Thanks for the help  also do they need any water intake? I seen some people use water crystals? Or is this no good?


----------



## Spideypidey (Jan 23, 2014)

StevenM31 said:


> Thanks for the help  also do they need any water intake? I seen some people use water crystals? Or is this no good?


I give mine re-hydrated water crystals and they eat them pretty fast. If you're buying from rickslivefood.co.uk also get water crystals from there to save on postage.
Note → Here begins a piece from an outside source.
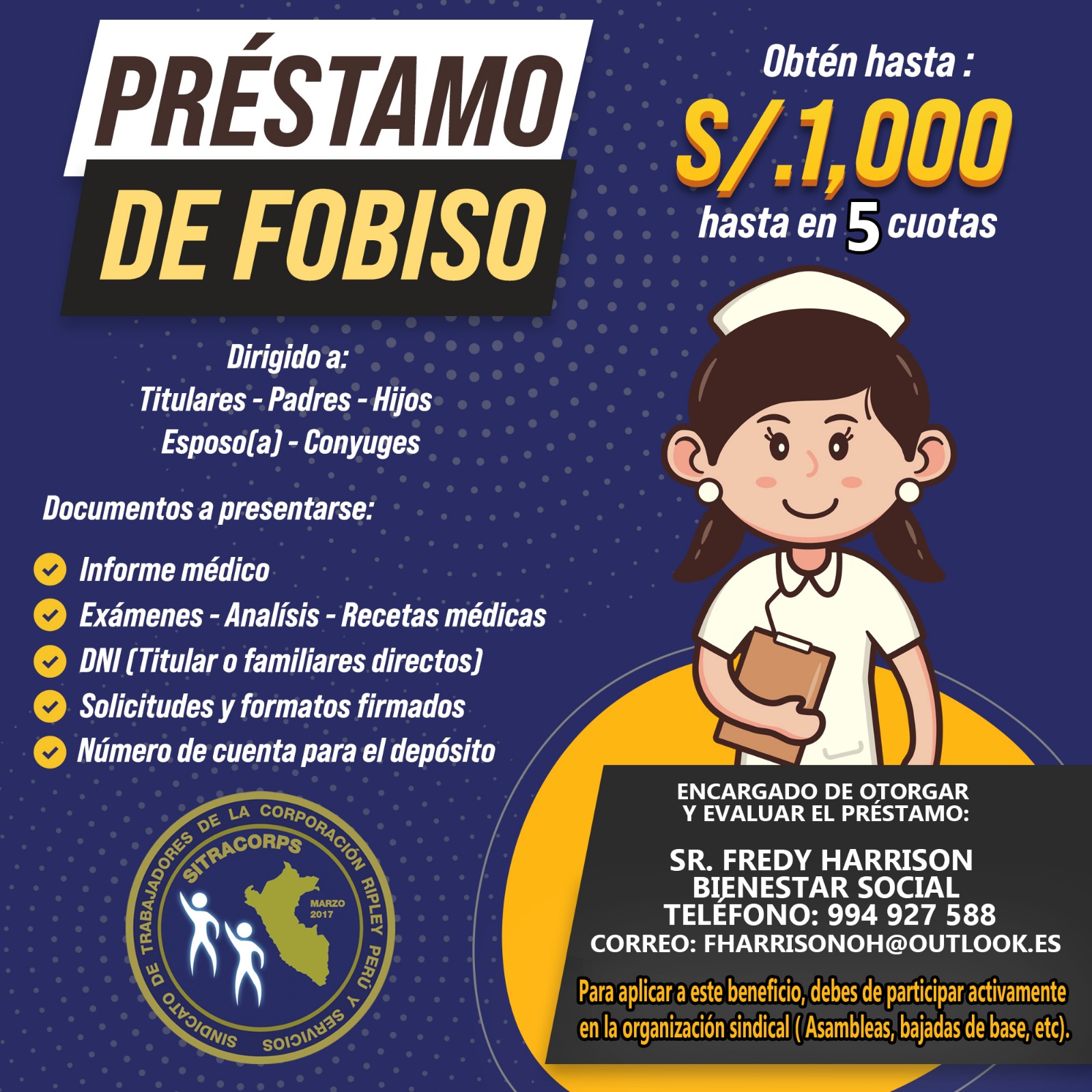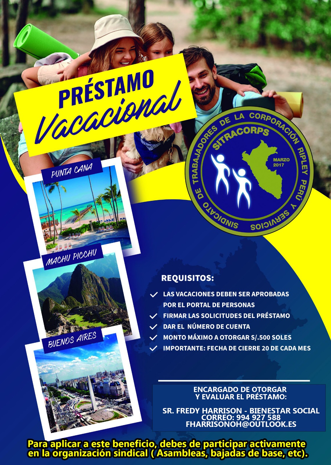 EI SINDICATO DE TRABAJADORES DE LA CORPORACIÓN RIPLEY PERÚ Y SERVICIOS es una organizaci6n de alcance nacional fundada el 07 de marzo del 2017 Expediente N 033880_2017 MTPE/1/20.2 con resolución ministerial 17 de marzo 2017, que está compuesta por los trabajadores de la empresa TIENDAS POR DEPARTAMENTOS RIPLEY PERÚ S.A, sujetos al régimen laboral de la actividad privada previsto en el Decreto Legislativo N° 728, constituida para la defensa y promocion de los intereses laborales, sociales, economicos y promocionales de los trabajadores. EI presente estatuto se aprueba al Amparo de la Constitución Política del Peru, en el T.U.O. de la Ley N° 25593 ampliatorias y modificatorias aprobado por Decreto Supremo N°-010 2003-TR y su Reglamento aprobado por D.S. N° 011-92-TR y en general por la normatividad legal peruana.

There are alternatives to the dry food such as beetle jelly or Repashy Bug Burger.


----------



## Jakenicholls (Dec 31, 2011)

Hi , if you ever need any roaches, I sell them and am the cheapest on these forums and ebay, pm me with what you need or you can find my thread on the food classifieds :2thumb: i do mini colonies for £19:2thumb:


----------



## StevenM31 (Jun 14, 2012)

Thanks, i will try get all the bits and pieces over next couple weeks and will PM you


----------



## Spideypidey (Jan 23, 2014)

StevenM31 said:


> Thanks, i will try get all the bits and pieces over next couple weeks and will PM you


Just a quick note on egg trays: I put them in on their ends so debris falls to the bottom of the enclosure. Then when I want to take some roaches out to feed my tarantulas I clean the end where the food goes and then loosen the egg boxes and give them a shake. Then push the egg trays to the clean end. Then take out my feeders and then after the remaining roaches have scurried off into the egg boxes I get the vacuum cleaner tube and vacuum up the debris. Then that end is the new food end. It takes longer to type than it does to it.

Easier to get the roaches if you herd them into a corner.


----------



## mr stroudy (Mar 11, 2008)

Jakenicholls said:


> Hi , if you ever need any roaches, I sell them and am the cheapest on these forums and ebay, pm me with what you need or you can find my thread on the food classifieds :2thumb: i do mini colonies for £19:2thumb:


how many is in a mini colony :2thumb:


----------